En effet, en dehors des faits divers "normaux",
l'actualité de ces dernières semaines n'est faite
que de viols ou tentatives de viol sur des mineurs et parfois
de tout jeunes enfants. Ces agressions, plus horribles les unes
que les autres, font la une des médias, qui se battent
pour obtenir les témoignages/confessions des acteurs et
victimes. Qui eux-mêmes semblent faire concurrence pour
donner le maximum de détails sur ce qu'ils ont subi ou
fait subir. Le public, c'est-à-dire vous et moi, se dit
choqué, scandalisé par tout ce déballage
mais ne rate aucune édition, pas une seule nouvelle révélation,
et en redemande.
C'est dans les révélations destinées à
apaiser cette soif de détails sordides qu'on a appris qu'un
frère de 17 ans, pour éviter à son père
et à sa grand-mère d'avoir des ennuis avec la police,
s'est accusé d'avoir pratiqué l'inceste avec sa
sur de 13 ans, qui s'était pendue. Le père
déclare avoir dissimulé le suicide pour "ne
pas entacher l'honneur de la famille." Le frère
affirme qu'il s'est accusé d'inceste pour protéger
ses parents. L'explication du frère et celle du père
sont acceptées comme choses banales, normales. Personne
ne semble choqué qu'une fille de 13 ans ait mis fin à
ses jours. On ne semble pas davantage choqué par le viol
allégué de deux jumelles mineures, en présence
de témoins, dans une salle de classe d'un collège,
pour venger un conflit de mauvais voisinage qui avait fait l'objet
d'un procès en Cour. Quel peut être le degré
de mauvaises relations entre voisins pour aboutir à une
vengeance par viol ? Dans ce double cas aussi, tous les acteurs/victimes
racontent en détail le pourquoi et le comment, expliquent,
accusent, justifient. On ne sait plus, dans la presse d'hier matin,
qui des victimes alléguées ou des violeurs donnent
plus de détails. Sans compter les témoignages exclusifs
en "direct live" qui alimentent tout ce déballage.

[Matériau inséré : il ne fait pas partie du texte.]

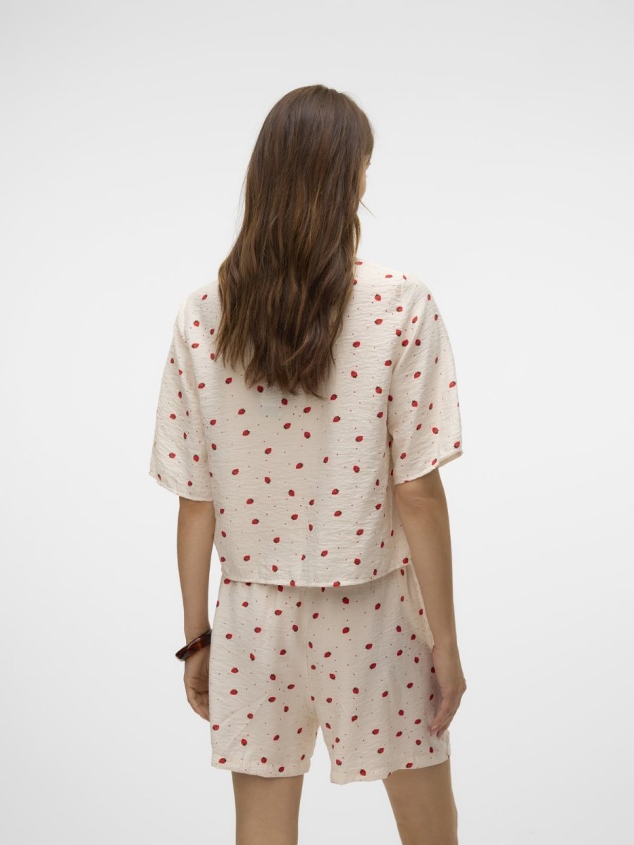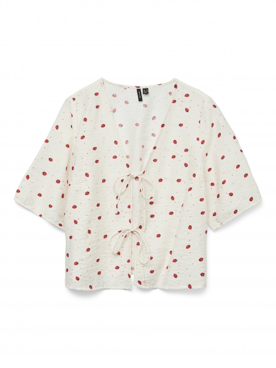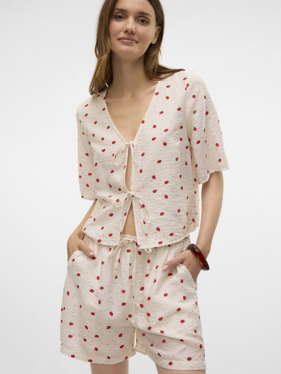 Τοπ με print φράουλες Vero Moda. Δέσιμο με κορδόνια στη μπροστινή πλευρά. V cut άνοιγμα στο μπούστο.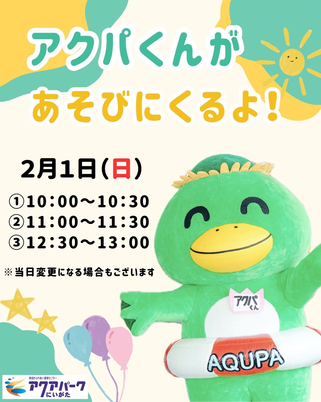 | 実施内容 | アクパくんが遊びに来てくれます♪ 一緒に写真を撮ったり握手したりしよう! ※スケジュールは当日変更になる場合もございますので、予めご了承ください。 |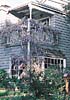 海外の事例、印象的な表情である。出窓の桟と手摺の白、藤の花とのコントラストが見事

Le pire, si tant est qu'il puisse y avoir une hiérarchie
dans ces sordides faits divers, est le viol allégué
d'un garçon de sept ans, sodomisé dans une salle
de classe par des camarades de son âge. Vous avez bien lu
: un enfant de sept ans entraîné dans une classe
et violenté sexuellement par des gamins du même âge
! Si des gamins sont capables de sodomiser des camarades de classe
à sept ans, que seront-ils susceptibles de faire quand
ils auront dix ans de plus ?
Il y a quelques années, des psychologues affirmaient que
la diffusion de films basés sur la violence et le sexe
allait finir par pervertir la société mauricienne.

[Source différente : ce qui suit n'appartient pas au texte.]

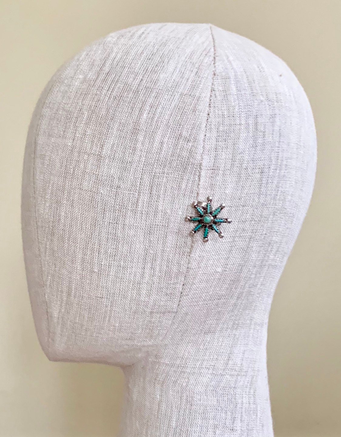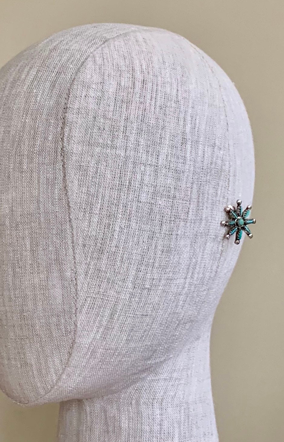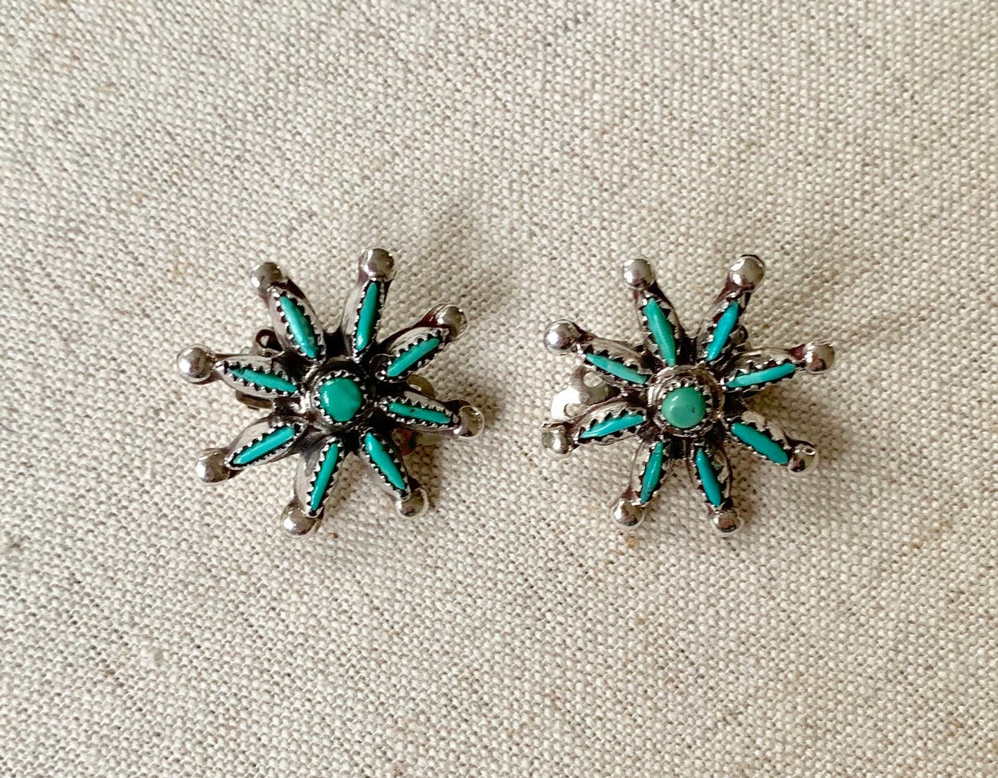 Beautifully crafted vintage 40's Native American Zuni sterling silver and needlepoint turquoise CLIP-ON earrings set in a delicate flower / starburst design

Ces psychologues se trompaient : aucun réalisateur n'oserait
inventer les faits divers qui font la une de l'actualité
mauricienne pour en faire un film. Le premier billet d'humeur
de 2008 se terminait par cette phrase : nous sommes en train d'aller
vers la barbarie
Dix mois après, un unique constat
s'impose : nous sommes dans l'ère de la barbarie.
Pris sur le vif
Changements
-Tu as fini d'avancer tes réveils et pendules pour l'heure
d'été ou tu vas attendre dimanche pour le faire
?
- Je vais faire ça dimanche. De toutes les manières,
pour moi, rien ne change parce que heure d'hiver ou heure d'été
mo même ki leve en premier chez moi pour réveiller
les autres.
- Tu ne fais pas grasse matinée le dimanche, toi ?

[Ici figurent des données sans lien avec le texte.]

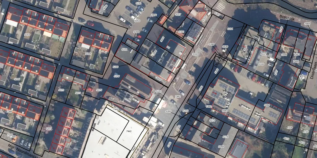 Gebruik de zoekbalk of klik op een perceel om informatie over het perceel te bekijken.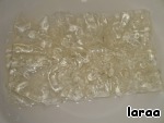 Перед падачей форму перевернуть, снять пленку и нарезать мусс примерно 1 см.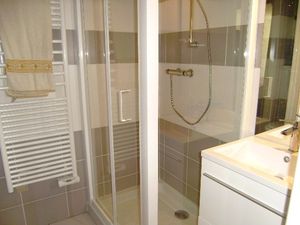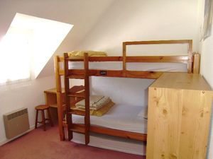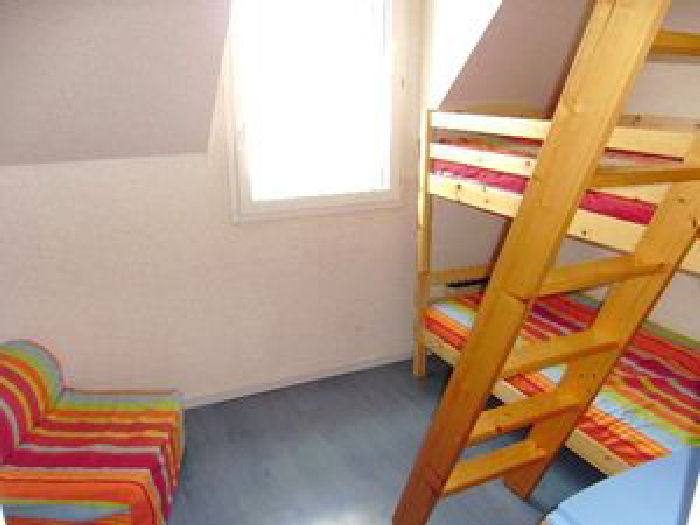 Maisonnette 3 pièces 4/6 personnes, de 40m², composé au rez de chaussée d'un séjour avec canapé, d'une kitchenette équipée, d'une salle de douche et de WC séparés.A l'étage, une chambre avec un lit double, une chambre avec des lits superposés et un clic-clac pour 2 personnes.La maisonnette dispose également d'une petit jardin clos avec terrasse et d'une place de parking numérotée.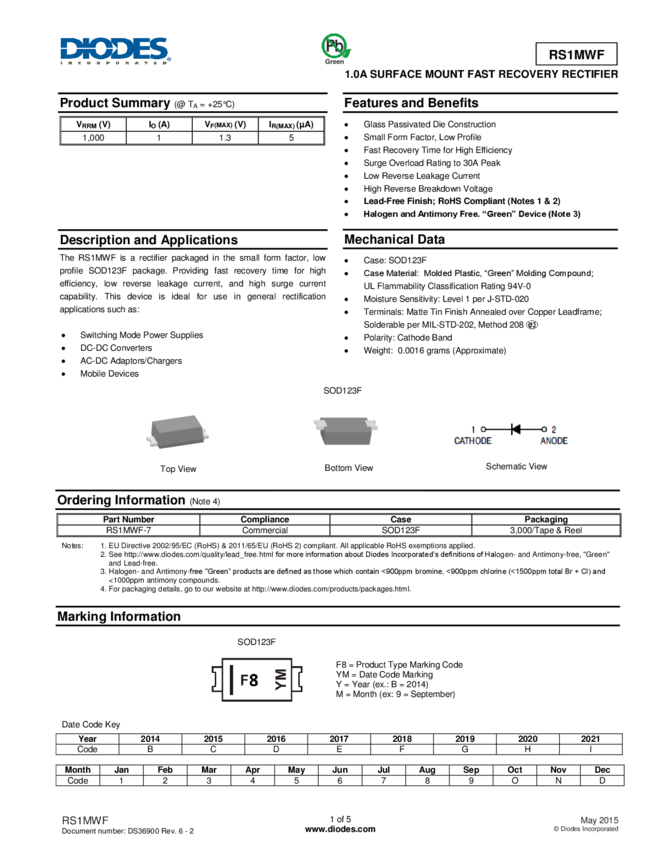 0.8 A, 1000 V Surface Mount Fast Recovery

-Je ne peux pas bonne femme avec les voisins que j'ai. Ils se
lèvent alors qu'il fait encore noir et ils font un tapage
ça, je te dis.
- Pourquoi, ils n'ont pas sommeil ?
- Je ne peux pas te dire, moi. Je crois qu'ils viennent de la
campagne et ont l'habitude de se lever avec les poules. Il faut
entendre ça : ils claquent les portes, ils causent fort
entre eux et ils mettent la radio fort ça, qu'est-ce que
je peux te dire !
- Ca doit être terrible d'entendre cette radio-là
le matin.
- Non il y a pire.
- Qu'est-ce qui peut avoir de pire que d'entendre une radio qui
joue fort le matin ?
- Il y a définitivement pire. C'est ma voisine qui chante
avec tous les disques. Elle chante tout je te dis avec une préférence
pour Céline Dion.
- Elle chante bien?
- Tu vas croire. Elle n'a pas de voix, mais persiste à
chanter. Si Céline Dion tane li ça, li poursuive
li pour diffamation.
- Tu n'as pas essayé de lui dire de baisser un peu le son
le matin ?
- Avant je lui, faisais une remarque en passant, pour ne pas la
blesser. Elle arrêtait un jour ou deux, puis elle recommençait.
Maintenant, je n'ose plus
- ...pourquoi ?
- Avec ce qui passe à Maurice avec des gens qui tuent,
brûlent ou violent leurs voisins pour un oui, pour un non,
je préfère fermer ma bouche. On ne sait jamais ce
qui peut arriver maintenant. Je préfère subir le
bruit, c'est plus "safe" par les temps qui courent.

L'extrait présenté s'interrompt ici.